From: Marco Cimarosti (marco.cimarosti@essetre.it)
Date: Wed Feb 06 2002 - 05:34:11 EST


Asmus Freytag wrote:
> > From: rdeking@kbs.kaba.com
[...]
> > we are a manufacturer of time and attendance terminals which
> > aretransfering data using 8-Bit character streams
[...]
> > Now here is my question: Is there a method to add any
> > Unicode character to a 8-Bit ASCII stream?
[...]
>
> There are three or four options for forcing Unicode into an
> 8-bit format.
>
> a) Use UTF-8. This preserves ASCII, but the characters >127
> are different
> from Latin-1.
>
[...]
>
> Of these four approaches, d) uses the least space, a) is the
> most widely supported in plain text files [...]
>
> All four require that the receiver can understand that
> format, but a) is considered one of the three
> equivalent Unicode Encoding Forms and therefore standard.

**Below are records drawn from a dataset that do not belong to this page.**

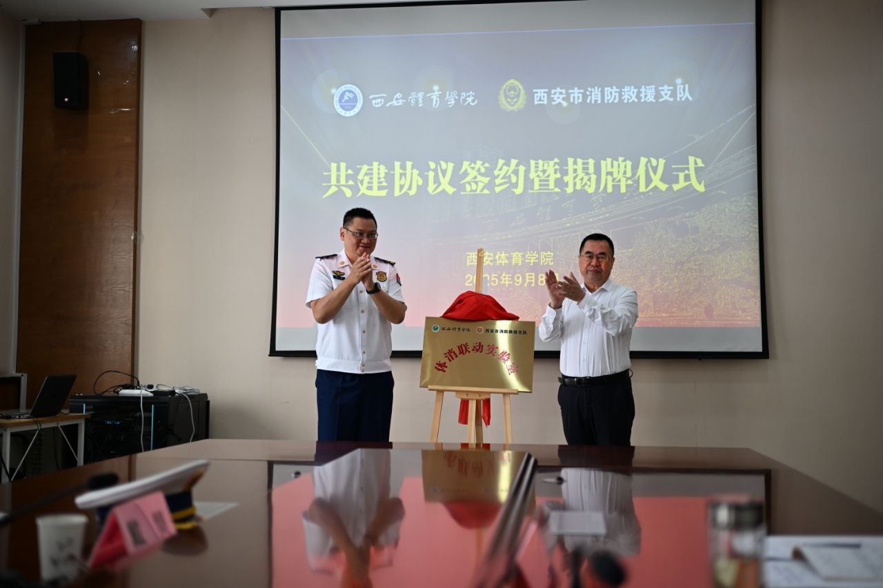 本网讯  9月8日,我校与西安市消防救援支队举行战略合作签约仪式暨“体消联动实验室”揭牌仪式。西安市消防救援支队党委副书记、支队长赵璐,支队政治部主任夏波,副支队长王昱钦出席。我校校长李富生主持会议并讲话,副校长雷振华出席。双方相关部门负责人一同参会。
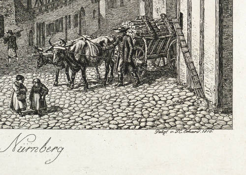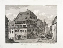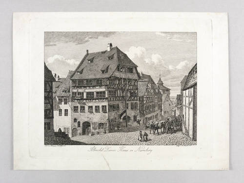 Apell 17 III (von III). – In der Platte rechts unten signiert und datiert: ″Geäzt v. J.C. Erhard. 1816.″ Links gegenüber bezeichnet: ″Nach der Natur gez. v. J.A. Klein 1815″. Mittig Titel: ″Albrecht Dürers Haus in Nürnberg″. – Radiert nach einer 1815 gezeichneten Vorlage vom Studienkollegen und Künstlerfreund Johann Adam Klein. – Abzug vom dritten Zustand der Platte mit der Vollendung aller Gegebenheiten der Darstellung. – Provenienz: Sammlung Friedrich Julius Arndt (genannt Fritz Arndt, 1856-1919, Besitzer des Klosterguts Oberwartha bei Dresden), danach Sammlung Dr. Theodor Arndt, Dresden- Blasewitz. – Im unteren Rand kleiner restaurierter Einriss. Minimale Alterspuren. Guter Zustand.
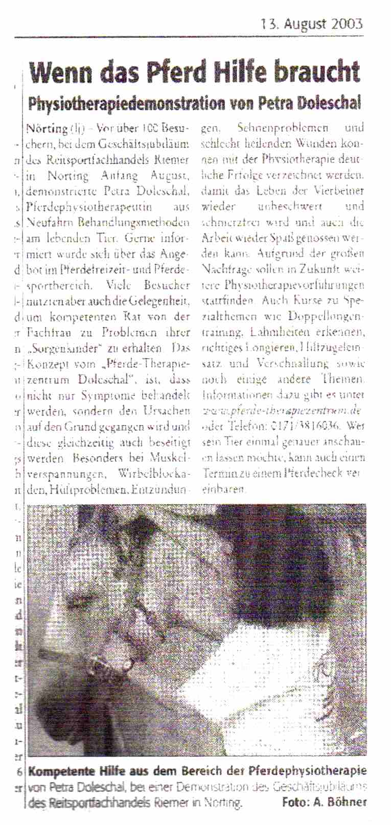 Physiotherapeutische Betreuung der Schulpferde des Reit- und Voltigierclub
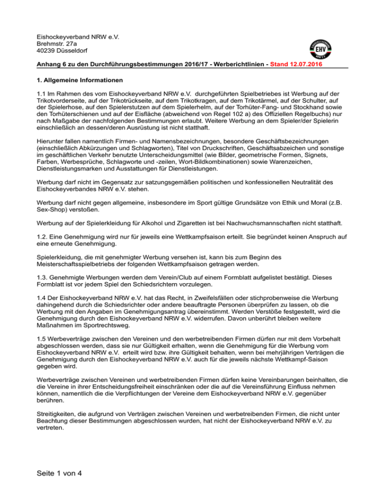 Eishockeyverband NRW e.V. Brehmstr. 27a 40239 Düsseldorf Anhang 6 zu den Durchführungsbestimmungen 2016/17 - Werberichtlinien - Stand 12.07.2016 1. Allgemeine Informationen 1.1 Im Rahmen des vom Eishockeyverband NRW e.V. durchgeführten Spielbetriebes ist Werbung auf der Trikotvorderseite, auf der Trikotrückseite, auf dem Trikotkragen, auf dem Trikotärmel, auf der Schulter, auf der Spielerhose, auf den Spielerstutzen auf dem Spielerhelm, auf der Torhüter-Fang- und Stockhand sowie den Torhüterschienen und auf der Eisfläche (abweichend von Regel 102 a) des Offiziellen Regelbuchs) nur nach Maßgabe der nachfolgenden Bestimmungen erlaubt. Weitere Werbung an dem Spieler/der Spielerin einschließlich an dessen/deren Ausrüstung ist nicht statthaft. Hierunter fallen namentlich Firmen- und Namensbezeichnungen, besondere Geschäftsbezeichnungen (einschließlich Abkürzungen und Schlagworten), Titel von Druckschriften, Geschäftsabzeichen und sonstige im geschäftlichen Verkehr benutzte Unterscheidungsmittel (wie Bilder, geometrische Formen, Signets, Farben, Werbesprüche, Schlagworte und -zeilen, Wort-Bildkombinationen) sowie Warenzeichen, Dienstleistungsmarken und Ausstattungen für Dienstleistungen. Werbung darf nicht im Gegensatz zur satzungsgemäßen politischen und konfessionellen Neutralität des Eishockeyverbandes NRW e.V. stehen. Werbung darf nicht gegen allgemeine, insbesondere im Sport gültige Grundsätze von Ethik und Moral (z.B. Sex-Shop) verstoßen. Werbung auf der Spielerkleidung für Alkohol und Zigaretten ist bei Nachwuchsmannschaften nicht statthaft. 1.2. Eine Genehmigung wird nur für jeweils eine Wettkampfsaison erteilt. Sie begründet keinen Anspruch auf eine erneute Genehmigung. Spielerkleidung, die mit genehmigter Werbung versehen ist, kann bis zum Beginn des Meisterschaftsspielbetriebs der folgenden Wettkampfsaison getragen werden. 1.3. Genehmigte Werbungen werden dem Verein/Club auf einem Formblatt aufgelistet bestätigt. Dieses Formblatt ist vor jedem Spiel den Schiedsrichtern vorzulegen. 1.4 Der Eishockeyverband NRW e.V. hat das Recht, in Zweifelsfällen oder stichprobenweise die Werbung dahingehend durch die Schiedsrichter oder andere beauftragte Personen überprüfen zu lassen, ob die Werbung mit den Angaben im Genehmigungsantrag übereinstimmt. Werden Verstöße festgestellt, wird die Genehmigung durch den Eishockeyverband NRW e.V. widerrufen. Davon unberührt bleiben weitere Maßnahmen im Sportrechtsweg. 1.5 Werbeverträge zwischen den Vereinen und den werbetreibenden Firmen dürfen nur mit dem Vorbehalt abgeschlossen werden, dass sie nur Gültigkeit erhalten, wenn die Genehmigung für die Werbung vom Eishockeyverband NRW e.V. erteilt wird bzw. ihre Gültigkeit behalten, wenn bei mehrjährigen Verträgen die Genehmigung durch den Eishockeyverband NRW e.V. auch für die jeweils nächste Wettkampf-Saison gegeben wird. Werbeverträge zwischen Vereinen und werbetreibenden Firmen dürfen keine Vereinbarungen beinhalten, die die Vereine in ihrer Entscheidungsfreiheit einschränken oder die auf die Vereinsführung Einfluss nehmen können, namentlich die die Verpflichtungen der Vereine dem Eishockeyverband NRW e.V. gegenüber berühren. Streitigkeiten, die aufgrund von Verträgen zwischen Vereinen und werbetreibenden Firmen, die nicht unter Beachtung dieser Bestimmungen abgeschlossen wurden, hat nicht der Eishockeyverband NRW e.V. zu vertreten. Seite 1 von 4 Eishockeyverband NRW e.V. Brehmstr. 27a 40239 Düsseldorf Anhang 6 zu den Durchführungsbestimmungen 2016/17 - Werberichtlinien - Stand 12.07.2016 2. Helm-, Trikot- und Hosenwerbung 2.1. Im Rahmen des Spielbetriebs, welcher vom Eishockeyverband NRW e.V. veranstaltet wird, ist Werbung auf der Spielkleidung eines Spielers wie folgt möglich. Spielerhelm: Werbung vorne, hinten und seitlich bis maximal 50% der gesamten Helmfläche ist zulässig Spielertrikot: Werbung Vorderseite, Rückseite, Kragen, Ärmel und Schulter ist zulässig. Es ist zu beachten, dass von der gesamten Trikotfläche nach Abzug der Werbung, LEV-Logo, Spielername, Spielernummer, Clublogo, Vereins-/Clubnamen sowie Ort jeweils 50% der Trikotfläche frei bleiben. Zu beachten ist auch, dass die Grundfläche der Nummern (Rücken- und Ärmelnummern) von Werbung frei zu halten sind. Kragenwerbung: Der Kragen ist für gemeinsame Ligenvermarktung reserviert. Wird für eine Liga bis spätestens 15.06. eines jeden Jahres vor Beginn des jeweiligen Meisterschaftsspielbetriebs kein gemeinsamer Ligensponsor gefunden, kann der Verein/Club den Spielerkragen selbst vermarkten. Hosenwerbung: Werbung vorne, hinten sowie seitlich ist zulässig. Jedoch müssen von den unteren sichtbaren, nicht durch Trikot verdeckten Teilen der Hose mindestens 50% frei von Werbung sein. Spielerstutzen: Werbung vorne, hinten sowie seitlich ist zulässig. Jedoch müssen von den sichtbaren, nicht durch die Hose verdeckten Teilen 50% der gesamten Fläche frei von Werbung sein. Torwart-Fang-u. Stockhand sowie Torwartschienen: Werbung ist auf diesen Ausrüstungsgegenständen zulässig, sofern sie nicht 50% der Grundfläche überschreiben. 2.2. Unter Ziff. 1) fallen namentlich Firmen- und Namensbezeichnungen, besondere Geschäftsbezeichnungen (einschließlich Abkürzungen und Schlagworte), Titel von Druckschriften, Geschäftsabzeichen und sonstige im geschäftlichen Verkehr benutzte Unterscheidungsmittel (wie Bilder, geometrische Formen, Signets, Farben, Werbesprüche, Schlagworte und -zeilen, Wort-Bildkombinationen) sowie Warenzeichen, Dienstleistungsmarken und Ausstattungen für Dienstleistungen. 2.3 Hinweise auf den Hersteller von Spielerkleidung und -ausrüstung sind in folgender Größe statthaft: Auf dem Trikot, auf der Hose und auf den Stutzen je einmal bis maximal 25 cm Bei allen anderen Ausrüstungsgegenständen kann handelsübliche Ware verwendet werden. 3. Werbung auf der Eisfläche 3.1 Bei Wettkämpfen im Spielbetrieb des Eishockeyverband NRW e.V. ist Werbung auf der Eisfläche,

I'd like to stress that this being standard implies that UTF-8 is supported
out-of-the-box by many word processors and text editors, on many operating
systems.

This is important because, normally, the localized text messages to be sent
to embedded terminals are contained in normal text files, prepared on a
standard personal computer. Often, the person who physically edits the
message is a free-lance translator who knows nothing about the technical
details of the embedded terminal.

So, sticking to UTF-8 may simplify the task of preparing and distributing
localized message,

E.g., when you want to go Russian, you just hire a Russian translator and
ask him to "please submit the files in UTF-8. If he has some expertise on
text files, (s)he will need no further clarification, and send proper UTF-8.
In the other case, if (s)he doesn't understand and submit the file in some
other kind of standard encoding, you just pick up one of the many existing
programs to convert encoding and turn the file to UTF-8.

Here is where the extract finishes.